### Task details
Leave every image out, and return the rest of the data word for word.

————————

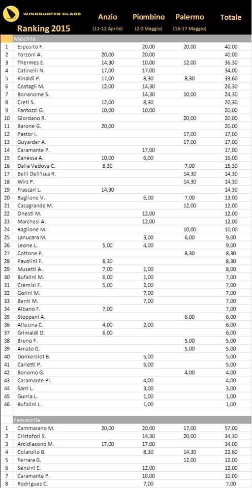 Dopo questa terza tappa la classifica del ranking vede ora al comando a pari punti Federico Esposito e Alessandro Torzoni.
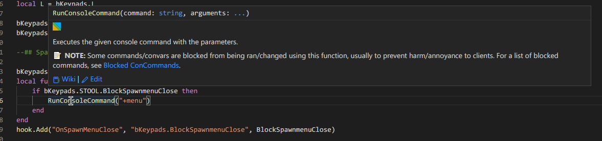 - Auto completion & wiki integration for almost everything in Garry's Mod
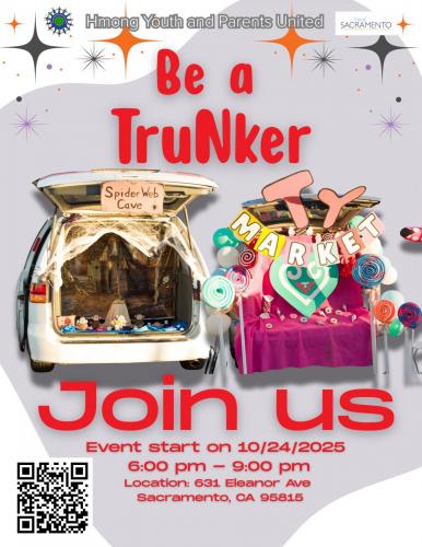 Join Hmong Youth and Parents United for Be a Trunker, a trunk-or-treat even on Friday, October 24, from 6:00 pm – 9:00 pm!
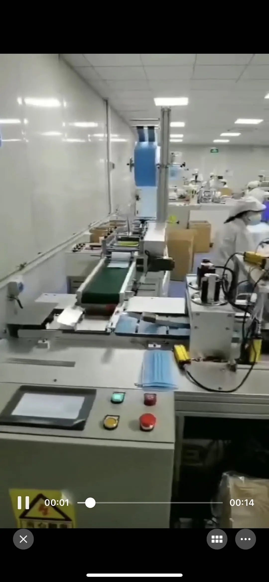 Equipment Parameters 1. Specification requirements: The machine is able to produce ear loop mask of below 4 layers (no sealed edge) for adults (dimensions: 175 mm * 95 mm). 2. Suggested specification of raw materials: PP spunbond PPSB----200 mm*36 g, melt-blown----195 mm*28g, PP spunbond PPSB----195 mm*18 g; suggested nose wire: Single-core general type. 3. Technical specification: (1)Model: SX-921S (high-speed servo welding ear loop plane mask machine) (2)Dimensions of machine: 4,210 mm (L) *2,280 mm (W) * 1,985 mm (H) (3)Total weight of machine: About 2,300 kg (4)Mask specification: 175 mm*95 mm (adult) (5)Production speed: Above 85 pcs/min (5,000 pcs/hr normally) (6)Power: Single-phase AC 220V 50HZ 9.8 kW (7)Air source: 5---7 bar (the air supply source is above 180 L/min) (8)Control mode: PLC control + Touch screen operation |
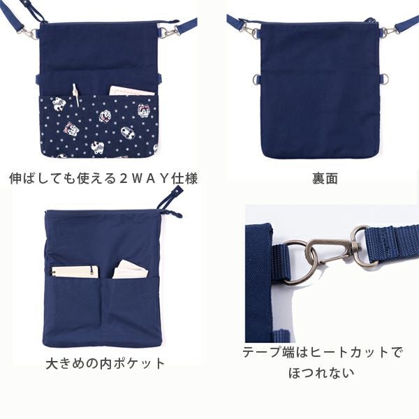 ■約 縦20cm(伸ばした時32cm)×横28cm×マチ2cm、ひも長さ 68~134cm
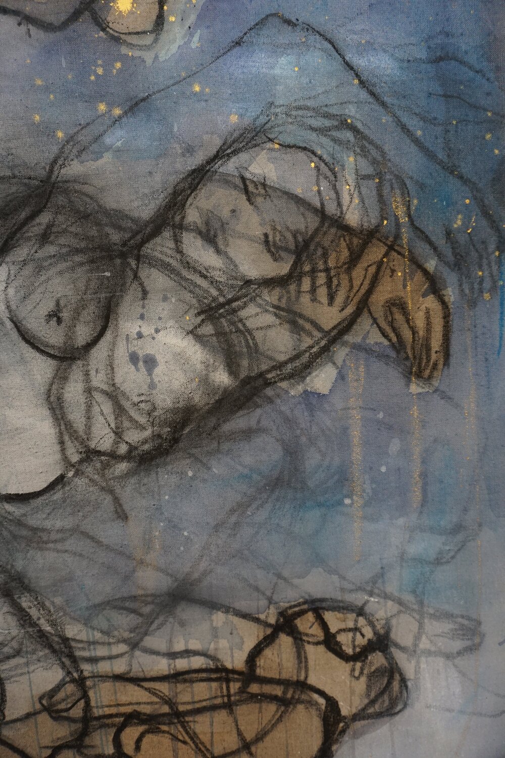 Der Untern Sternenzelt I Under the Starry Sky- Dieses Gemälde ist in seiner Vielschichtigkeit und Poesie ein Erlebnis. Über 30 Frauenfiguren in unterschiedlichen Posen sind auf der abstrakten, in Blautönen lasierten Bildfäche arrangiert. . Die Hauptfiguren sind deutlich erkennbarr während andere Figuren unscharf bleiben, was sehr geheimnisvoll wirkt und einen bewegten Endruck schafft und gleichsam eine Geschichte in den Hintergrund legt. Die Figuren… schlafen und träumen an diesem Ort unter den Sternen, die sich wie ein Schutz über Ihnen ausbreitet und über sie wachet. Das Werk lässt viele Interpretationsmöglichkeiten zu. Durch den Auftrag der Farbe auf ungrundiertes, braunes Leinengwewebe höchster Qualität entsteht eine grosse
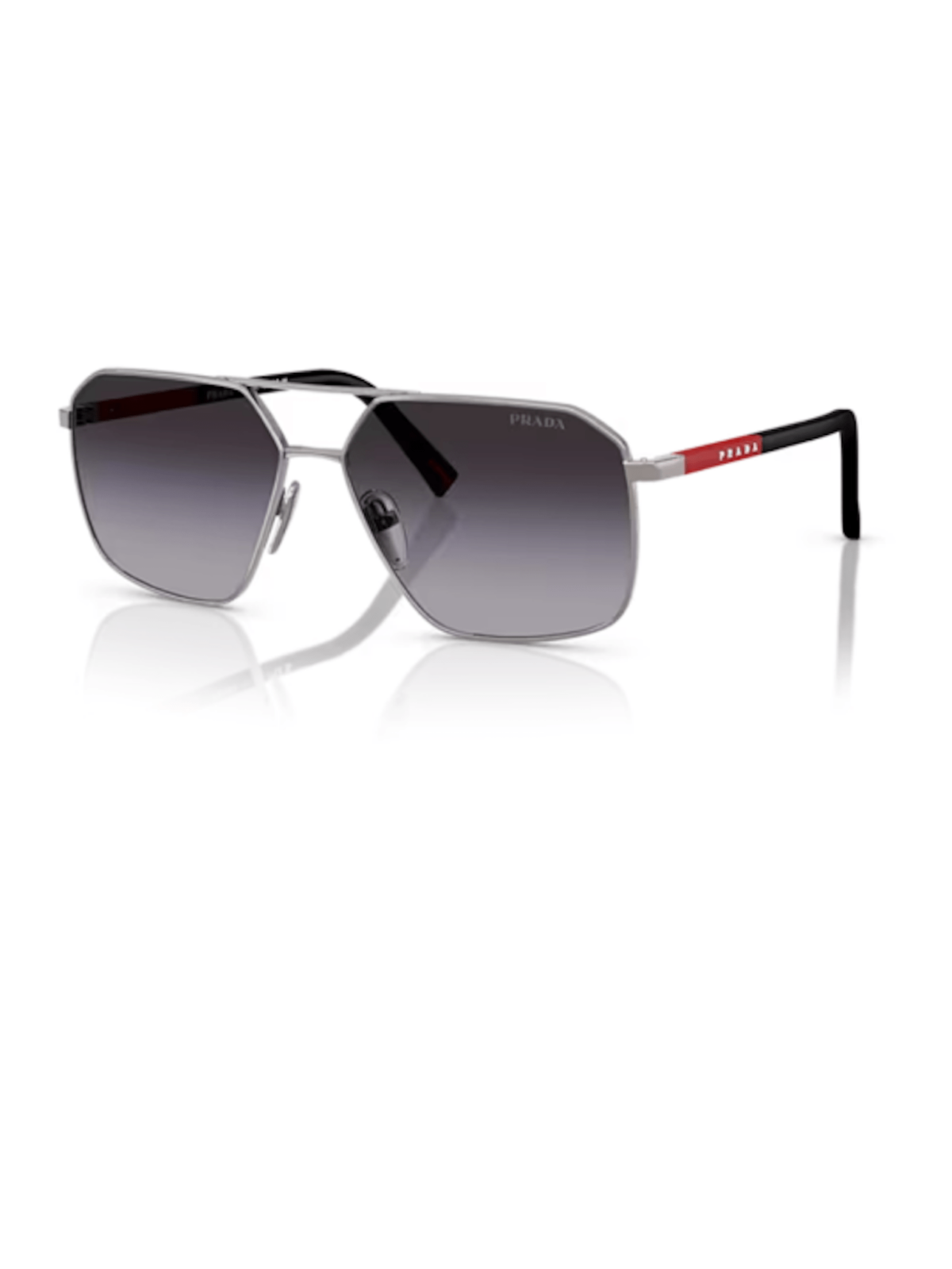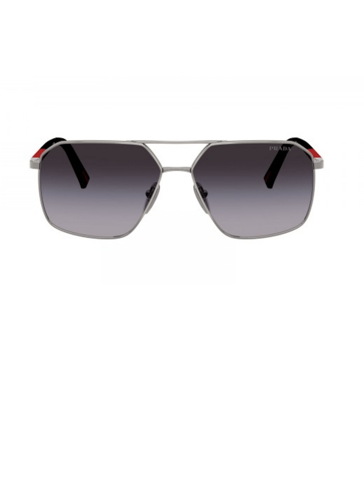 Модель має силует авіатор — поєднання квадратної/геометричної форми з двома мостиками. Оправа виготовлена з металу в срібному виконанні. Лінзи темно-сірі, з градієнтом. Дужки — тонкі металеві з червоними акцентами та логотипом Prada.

————————

### Answer to this problem
 Dopo questa terza tappa la classifica del ranking vede ora al comando a pari punti Federico Esposito e Alessandro Torzoni.
 - Auto completion & wiki integration for almost everything in Garry's Mod
 Join Hmong Youth and Parents United for Be a Trunker, a trunk-or-treat even on Friday, October 24, from 6:00 pm – 9:00 pm!
 Equipment Parameters 1. Specification requirements: The machine is able to produce ear loop mask of below 4 layers (no sealed edge) for adults (dimensions: 175 mm * 95 mm). 2. Suggested specification of raw materials: PP spunbond PPSB----200 mm*36 g, melt-blown----195 mm*28g, PP spunbond PPSB----195 mm*18 g; suggested nose wire: Single-core general type. 3. Technical specification: (1)Model: SX-921S (high-speed servo welding ear loop plane mask machine) (2)Dimensions of machine: 4,210 mm (L) *2,280 mm (W) * 1,985 mm (H) (3)Total weight of machine: About 2,300 kg (4)Mask specification: 175 mm*95 mm (adult) (5)Production speed: Above 85 pcs/min (5,000 pcs/hr normally) (6)Power: Single-phase AC 220V 50HZ 9.8 kW (7)Air source: 5---7 bar (the air supply source is above 180 L/min) (8)Control mode: PLC control + Touch screen operation |
 ■約 縦20cm(伸ばした時32cm)×横28cm×マチ2cm、ひも長さ 68~134cm
 Der Untern Sternenzelt I Under the Starry Sky- Dieses Gemälde ist in seiner Vielschichtigkeit und Poesie ein Erlebnis. Über 30 Frauenfiguren in unterschiedlichen Posen sind auf der abstrakten, in Blautönen lasierten Bildfäche arrangiert. . Die Hauptfiguren sind deutlich erkennbarr während andere Figuren unscharf bleiben, was sehr geheimnisvoll wirkt und einen bewegten Endruck schafft und gleichsam eine Geschichte in den Hintergrund legt. Die Figuren… schlafen und träumen an diesem Ort unter den Sternen, die sich wie ein Schutz über Ihnen ausbreitet und über sie wachet. Das Werk lässt viele Interpretationsmöglichkeiten zu. Durch den Auftrag der Farbe auf ungrundiertes, braunes Leinengwewebe höchster Qualität entsteht eine grosse
 Модель має силует авіатор — поєднання квадратної/геометричної форми з двома мостиками. Оправа виготовлена з металу в срібному виконанні. Лінзи темно-сірі, з градієнтом. Дужки — тонкі металеві з червоними акцентами та логотипом Prada.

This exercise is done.